Government must put BAME communities at the heart of the Covid vaccination drive
We must rigorously record ethnicity data to monitor uptake of the vaccine and be able to course correct quickly when things go wrong, writes Bell Ribeiro-Addy MP | PA Images
3 min read
Employment and housing circumstances of people from BAME communities place them in contact with more people and heighten their risk of getting Covid-19. Government needs to treat race as a Covid risk factor.
In the UK, coronavirus has ignited the touchpaper on health inequalities stoked by decades of negligent government policy. The last ten months have been an awful reminder that an unequal society is an unhealthy society.
As citizens on the sharp end of inequality in one of the most unequal countries in the OECD, it’s increasingly clear that Britain’s Black, Asian and ethnic minority communities are suffering even more than most during the pandemic.
Covid-19 patients from these communities have been hospitalised at almost three times the rate of white British people. According to the government’s own statistics, Black men and men from Pakistani and Bangladeshi backgrounds aged under 65 have a more than five times higher risk of related mortality compared to men from a white British background. These findings leave the government with no excuse for their inaction.
Too often during this pandemic, ministers and mainstream media have chosen to focus on cultural or even biological reasons for the poor health outcomes of Black, Asian and ethnic minorities. This discounts the obvious fact that the employment and housing circumstances of people from BAME communities place them in contact with more people and heighten their risk of getting Covid-19. No amount of Vitamin D will fix this.
We can’t make the same mistakes with the vaccine. Ministers have rightly prioritised the clinically vulnerable in their vaccination rollout, acknowledging age and pre-existing medical health conditions as risk factors. But the failure to treat race as a risk factor shows they are still not taking structural racism seriously.
People from BAME communities have been more likely to receive fines for minor Covid breaches whilst government advisers have openly flouted these
My colleague Apsana Begum MP has been leading the charge on this issue in Parliament. Just this week, she pressed the Prime Minister on prioritising BAME communities for vaccination and asked if he acknowledged that structural racism had led to these health disparities. In his response, he denied its existence.
A recent Joint Human Rights Committee report into Black people’s human rights revealed that 60% of Black people don’t feel the NHS protects their health to the same level as white people’s. This statistic is also closely mirrored in the Sage study which found up to 72% of Black people said they were unlikely to take the vaccine.

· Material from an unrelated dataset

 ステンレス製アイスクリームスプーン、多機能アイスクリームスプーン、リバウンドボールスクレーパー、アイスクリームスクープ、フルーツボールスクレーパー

People from BAME communities have been more likely to receive fines for minor Covid breaches whilst government advisers have openly flouted these. Coupled with the government’s duplicitous record during the pandemic, it is clear that these issues of trust have only deepened in recent days.

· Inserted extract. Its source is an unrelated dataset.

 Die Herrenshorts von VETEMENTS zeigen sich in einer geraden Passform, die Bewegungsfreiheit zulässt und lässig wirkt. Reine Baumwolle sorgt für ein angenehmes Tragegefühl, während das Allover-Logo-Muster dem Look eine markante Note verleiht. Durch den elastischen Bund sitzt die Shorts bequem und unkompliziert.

Of course, these problems go even deeper. Until the government accepts that the inequalities faced by BAME people are a driving force behind poor health outcomes, we are only going to see more of the same.
The Royal College of GPs has argued for the government to prioritise BAME communities for vaccination and run targeted public health campaigns to build confidence in the vaccine.

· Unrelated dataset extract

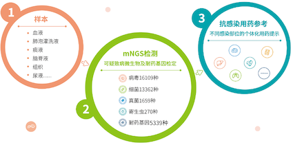 MAPMI®(Metagenomic Analysis Pipeline for Microbial Identification)技術(shù)是博奧晶典基于自主的BES4000高通量測(cè)序平臺(tái)研發(fā)的超廣譜病原體篩查技術(shù),覆蓋3.2萬(wàn)種的病原微生物及5339種耐藥基因,可直接對(duì)樣本中的核酸進(jìn)行檢測(cè),快速、精準(zhǔn)的獲得樣本中微生物序列信息,可對(duì)病原體的變異情況進(jìn)行進(jìn)一步追蹤監(jiān)控,在新發(fā)、突發(fā)重大疫情的監(jiān)控及快速反應(yīng)體系構(gòu)建上具有重大現(xiàn)實(shí)意義。同時(shí),基于檢測(cè)結(jié)果及患者臨床特征,對(duì)可疑致病微生物按照不同感染部位提供個(gè)體化用藥提示,實(shí)現(xiàn)感染性疾病的診斷、用藥全流程診療。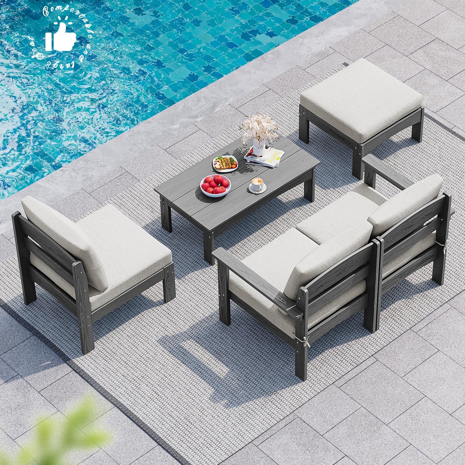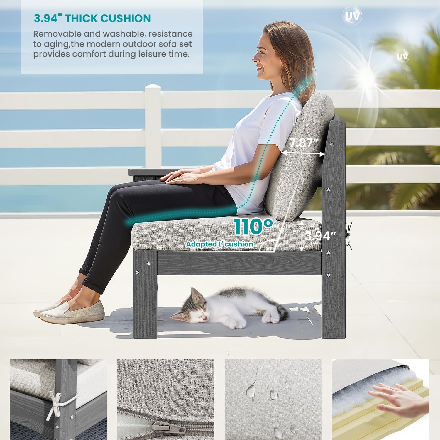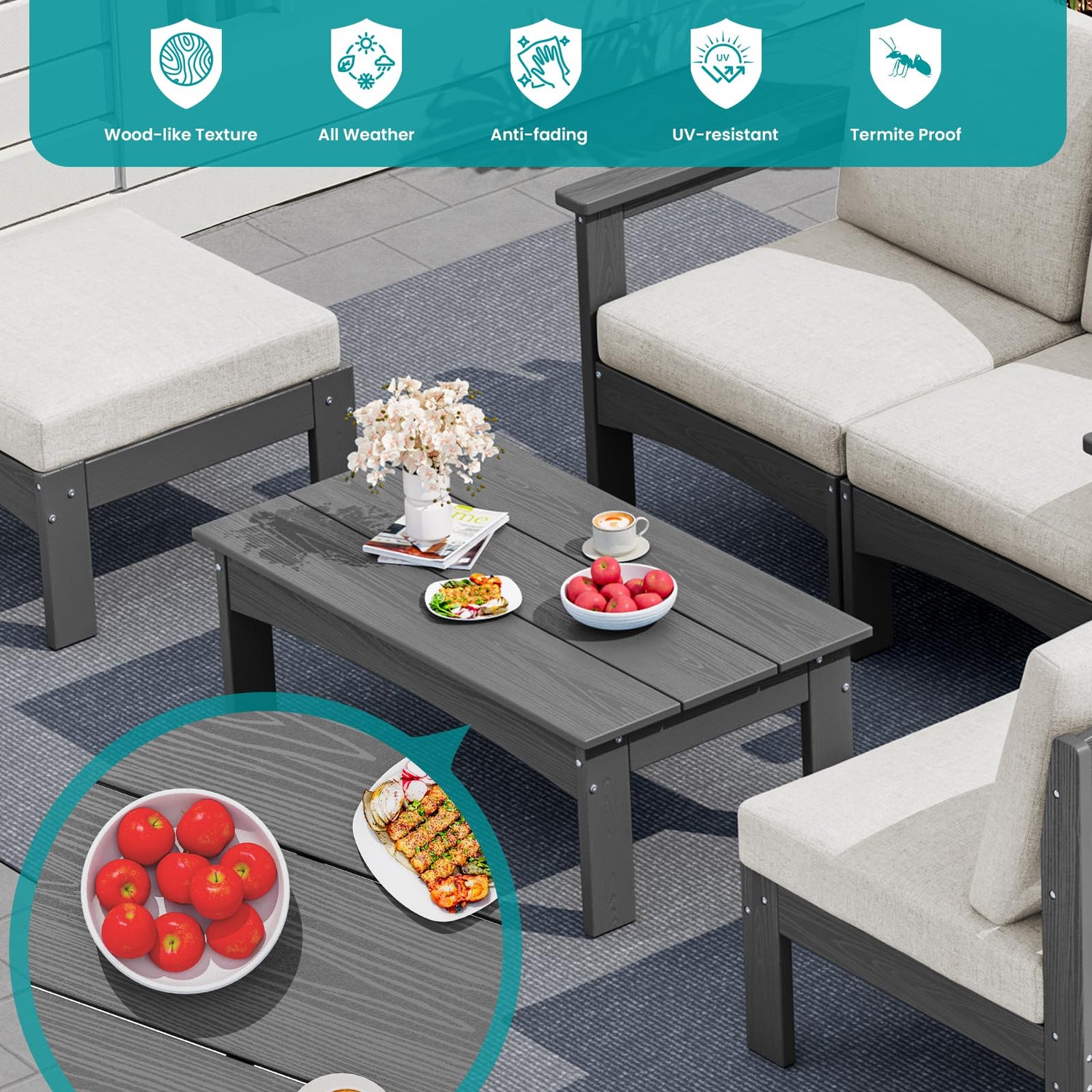 - All-Weather HDPE Material: Crafted from premium HDPE, this patio conversation set withstands the elements better than wicker, wood, or metal. It resists UV fading, cracking, rust, and water damage, keeping your outdoor sectional sofa and table looking fresh with minimal upkeep

We also need culturally competent guidance during the vaccine rollout that addresses the additional risks people face from overcrowded housing and unsafe workplaces.
Finally, we must rigorously record ethnicity data to monitor uptake of the vaccine and be able to course correct quickly when things go wrong.
I was pleased to add my name to Apsana Begum MP’s recent call to put BAME communities at the heart of the vaccination drive. There is a mountain to climb if the government is to gain community confidence after decades of systemic neglect. This would be a step in the right direction.
Bell Ribeiro-Addy is the Labour MP for Streatham.